Efficient implementation of nematodes-based indices for ecological quality assessment requires fundamental knowledge on their biodiversity and functional patterns along with the drivers that generate these patterns. Though, it is still unclear if nematodes taxonomical attributes are driven by the same environmental drivers as their functional (biological traits) counterparts, or if their taxonomical diversity is also enhanced by their functional diversity. To fill this knowledge gap, we investigated taxonomical (based on nematode genera abundances dataset) and functional attributes: trophic groups (TG) and life history strategies (LHS) of benthic nematodes collected from 35 sampling stations along the Sado Estuary, SW Portugal. Along with biological samples we measured environmental variables in the water and sediments as well as sediment grain size.

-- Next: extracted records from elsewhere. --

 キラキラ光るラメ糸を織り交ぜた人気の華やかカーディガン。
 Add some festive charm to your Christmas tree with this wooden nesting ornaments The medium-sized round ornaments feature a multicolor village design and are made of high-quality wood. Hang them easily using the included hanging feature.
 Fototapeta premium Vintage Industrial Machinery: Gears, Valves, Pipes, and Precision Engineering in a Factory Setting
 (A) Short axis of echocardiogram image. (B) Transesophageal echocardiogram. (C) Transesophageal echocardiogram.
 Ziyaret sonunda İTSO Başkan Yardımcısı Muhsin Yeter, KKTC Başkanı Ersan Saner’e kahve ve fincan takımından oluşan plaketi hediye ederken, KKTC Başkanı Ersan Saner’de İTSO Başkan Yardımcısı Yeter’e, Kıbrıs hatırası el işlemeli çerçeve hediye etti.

Our results demonstrated that taxonomy-based assemblages were mainly structured by the salinity gradient and further by the interplay of granulometry and organic matter content. Contrastingly, trait-based distribution patterns were largely driven by the variations in the above sediment dissolved oxygen concentration. This finding largely draw attention to the role that above sediment dissolved oxygen concentration exerts on nematode assemblages and their functional distribution patterns. Consequently, our results demonstrate that biological traits introduce a new dimensionality in multivariate data that otherwise could not be detected using solely taxonomical information, thereby enhancing our knowledge on ecological gradients existing within an estuary.

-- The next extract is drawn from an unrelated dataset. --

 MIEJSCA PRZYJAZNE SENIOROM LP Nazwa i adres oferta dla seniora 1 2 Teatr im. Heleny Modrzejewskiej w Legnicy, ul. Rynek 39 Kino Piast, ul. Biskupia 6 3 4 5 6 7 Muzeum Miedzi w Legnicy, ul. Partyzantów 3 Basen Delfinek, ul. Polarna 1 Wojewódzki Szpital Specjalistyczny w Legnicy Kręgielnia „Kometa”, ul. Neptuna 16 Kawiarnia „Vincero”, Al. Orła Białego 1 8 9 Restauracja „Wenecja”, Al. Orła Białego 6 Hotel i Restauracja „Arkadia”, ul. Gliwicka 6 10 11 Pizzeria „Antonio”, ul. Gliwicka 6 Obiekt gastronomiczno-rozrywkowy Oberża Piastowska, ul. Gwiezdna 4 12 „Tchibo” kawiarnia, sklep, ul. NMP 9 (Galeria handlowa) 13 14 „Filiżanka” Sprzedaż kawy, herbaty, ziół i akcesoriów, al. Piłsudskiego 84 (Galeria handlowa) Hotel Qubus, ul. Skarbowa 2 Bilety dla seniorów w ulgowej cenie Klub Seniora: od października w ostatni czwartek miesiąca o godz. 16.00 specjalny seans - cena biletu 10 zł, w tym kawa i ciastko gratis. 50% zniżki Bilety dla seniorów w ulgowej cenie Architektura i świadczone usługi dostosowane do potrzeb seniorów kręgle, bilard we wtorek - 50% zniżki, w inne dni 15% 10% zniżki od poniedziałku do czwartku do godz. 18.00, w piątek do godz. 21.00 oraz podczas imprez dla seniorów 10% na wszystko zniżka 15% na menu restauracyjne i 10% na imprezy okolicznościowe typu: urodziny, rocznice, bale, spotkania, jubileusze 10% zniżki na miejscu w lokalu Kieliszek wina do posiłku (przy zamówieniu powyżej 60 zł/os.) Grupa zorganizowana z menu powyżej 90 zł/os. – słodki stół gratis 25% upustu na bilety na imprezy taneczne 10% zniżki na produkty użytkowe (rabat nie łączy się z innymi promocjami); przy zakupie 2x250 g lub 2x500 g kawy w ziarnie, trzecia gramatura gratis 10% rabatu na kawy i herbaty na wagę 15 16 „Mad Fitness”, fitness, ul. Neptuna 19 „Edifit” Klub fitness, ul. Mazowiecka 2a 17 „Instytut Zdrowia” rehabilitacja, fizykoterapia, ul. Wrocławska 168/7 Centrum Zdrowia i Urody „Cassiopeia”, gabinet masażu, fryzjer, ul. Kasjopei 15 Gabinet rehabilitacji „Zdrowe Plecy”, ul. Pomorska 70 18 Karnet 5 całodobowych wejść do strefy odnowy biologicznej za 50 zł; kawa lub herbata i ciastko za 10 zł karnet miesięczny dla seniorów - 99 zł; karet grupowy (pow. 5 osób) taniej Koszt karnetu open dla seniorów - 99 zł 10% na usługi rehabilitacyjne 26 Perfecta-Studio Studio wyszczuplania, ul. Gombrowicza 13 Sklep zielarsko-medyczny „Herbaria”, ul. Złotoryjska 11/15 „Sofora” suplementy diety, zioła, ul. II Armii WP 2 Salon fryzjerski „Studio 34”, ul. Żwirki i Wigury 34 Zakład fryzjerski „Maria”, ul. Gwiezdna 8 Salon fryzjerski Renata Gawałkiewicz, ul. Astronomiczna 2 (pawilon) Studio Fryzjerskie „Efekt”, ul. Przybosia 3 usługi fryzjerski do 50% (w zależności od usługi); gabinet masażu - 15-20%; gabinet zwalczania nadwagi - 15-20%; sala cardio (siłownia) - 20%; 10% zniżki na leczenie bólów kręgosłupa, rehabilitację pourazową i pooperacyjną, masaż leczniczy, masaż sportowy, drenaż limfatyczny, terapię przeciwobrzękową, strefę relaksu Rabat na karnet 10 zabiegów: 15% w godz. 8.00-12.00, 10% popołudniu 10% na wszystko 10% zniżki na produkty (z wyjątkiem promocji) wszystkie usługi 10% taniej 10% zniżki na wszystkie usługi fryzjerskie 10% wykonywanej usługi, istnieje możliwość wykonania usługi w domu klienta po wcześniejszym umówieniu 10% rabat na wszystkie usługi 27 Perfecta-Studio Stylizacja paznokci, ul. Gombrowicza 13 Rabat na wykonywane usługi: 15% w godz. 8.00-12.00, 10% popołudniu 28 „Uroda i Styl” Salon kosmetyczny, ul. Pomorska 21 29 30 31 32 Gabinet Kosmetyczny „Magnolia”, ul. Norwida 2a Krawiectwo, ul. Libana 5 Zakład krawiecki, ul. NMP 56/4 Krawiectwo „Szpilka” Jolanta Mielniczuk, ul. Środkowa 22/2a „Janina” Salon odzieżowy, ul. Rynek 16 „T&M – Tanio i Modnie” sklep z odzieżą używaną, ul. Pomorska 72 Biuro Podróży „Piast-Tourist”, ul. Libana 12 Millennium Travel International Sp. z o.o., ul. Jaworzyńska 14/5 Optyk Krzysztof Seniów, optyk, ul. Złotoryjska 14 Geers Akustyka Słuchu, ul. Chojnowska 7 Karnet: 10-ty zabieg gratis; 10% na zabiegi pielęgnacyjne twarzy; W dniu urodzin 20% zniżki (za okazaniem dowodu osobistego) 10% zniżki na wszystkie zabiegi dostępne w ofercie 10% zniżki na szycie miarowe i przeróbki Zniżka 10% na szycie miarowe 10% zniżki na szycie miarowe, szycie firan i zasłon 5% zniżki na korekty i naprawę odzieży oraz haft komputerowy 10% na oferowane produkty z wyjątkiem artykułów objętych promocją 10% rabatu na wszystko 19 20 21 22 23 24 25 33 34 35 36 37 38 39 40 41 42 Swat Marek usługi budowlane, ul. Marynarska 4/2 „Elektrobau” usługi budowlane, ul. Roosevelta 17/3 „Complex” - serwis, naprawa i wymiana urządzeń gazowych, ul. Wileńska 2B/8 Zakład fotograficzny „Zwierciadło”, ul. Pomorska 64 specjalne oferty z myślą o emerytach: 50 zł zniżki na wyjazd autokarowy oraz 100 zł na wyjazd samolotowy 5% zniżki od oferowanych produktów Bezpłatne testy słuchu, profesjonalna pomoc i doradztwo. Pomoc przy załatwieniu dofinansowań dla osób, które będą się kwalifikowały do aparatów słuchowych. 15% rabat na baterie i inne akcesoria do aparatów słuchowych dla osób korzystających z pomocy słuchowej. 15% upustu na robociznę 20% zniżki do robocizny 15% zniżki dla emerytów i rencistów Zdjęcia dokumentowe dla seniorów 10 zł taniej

Additionally, we found a strong correlation between functional richness (based on the combination of TG and LHS traits) and diversity taxonomic metrics (species richness, Simpson and Shannon diversity), although no correlation was found between taxonomic diversity indices and single nematode ecological indices (ITD index of trophic diversity and MI Maturity Index). Therefore, the combined use of functional traits and its derived metrics was demonstrated to effectively reflect taxonomical diversity presenting reliable and highly complementary information for the assessment and monitoring of marine coastal sediments using benthic nematodes.

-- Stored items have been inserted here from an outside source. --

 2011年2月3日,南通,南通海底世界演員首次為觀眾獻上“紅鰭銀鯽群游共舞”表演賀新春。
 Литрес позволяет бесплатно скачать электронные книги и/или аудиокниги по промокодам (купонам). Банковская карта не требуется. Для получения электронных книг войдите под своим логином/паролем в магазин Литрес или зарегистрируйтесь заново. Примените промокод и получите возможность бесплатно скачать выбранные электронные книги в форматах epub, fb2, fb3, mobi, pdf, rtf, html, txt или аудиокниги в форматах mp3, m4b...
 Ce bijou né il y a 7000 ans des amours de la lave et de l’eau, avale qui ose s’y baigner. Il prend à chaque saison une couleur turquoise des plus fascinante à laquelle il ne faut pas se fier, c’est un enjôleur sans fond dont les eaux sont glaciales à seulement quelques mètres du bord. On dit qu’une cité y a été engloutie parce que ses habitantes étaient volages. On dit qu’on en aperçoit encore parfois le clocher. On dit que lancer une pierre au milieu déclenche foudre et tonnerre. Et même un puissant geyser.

有效实施基于线虫的指数进行生态质量评估需要有关其生物多样性和功能模式的基本知识，以及产生这些模式的驱动因素。虽然，目前尚不清楚线虫的分类学特征是否由与其功能（生物学特性）对应物相同的环境驱动因素驱动，或者其分类学多样性是否也因其功能多样性而得到增强。为了填补这一知识空白，我们调查了分类学（基于线虫属丰度数据集）和功能属性：从葡萄牙西南部佐渡河口的35个采样站收集的底栖线虫营养类群（TG）和生活史策略（LHS）。

我们的结果表明，基于分类学的组合主要由盐度梯度构成，并且进一步由粒度分析法和有机物含量的相互作用构成。相反，基于特征的分布模式主要受上述沉积物溶解氧浓度变化的驱动。这一发现在很大程度上引起了人们对以上沉淀物溶解氧浓度对线虫组合及其功能分布模式的作用的关注。因此，我们的结果表明，生物学特征在多变量数据中引入了新的维度，否则只能使用分类信息无法检测到，从而增强了我们对河口内生态梯度的认识。

此外，我们发现功能丰富度（基于TG和LHS性状的组合）与多样性分类指标（物种丰富度，辛普森和香农多样性）之间存在很强的相关性，尽管在分类学多样性指标和单个线虫生态指标之间未发现相关性（营养多样性的ITD指数和MI成熟度指数）。因此，功能性特征及其衍生指标的组合使用被证明可以有效地反映分类学多样性，从而为使用底栖线虫评估和监测海洋沿海沉积物提供可靠且高度互补的信息。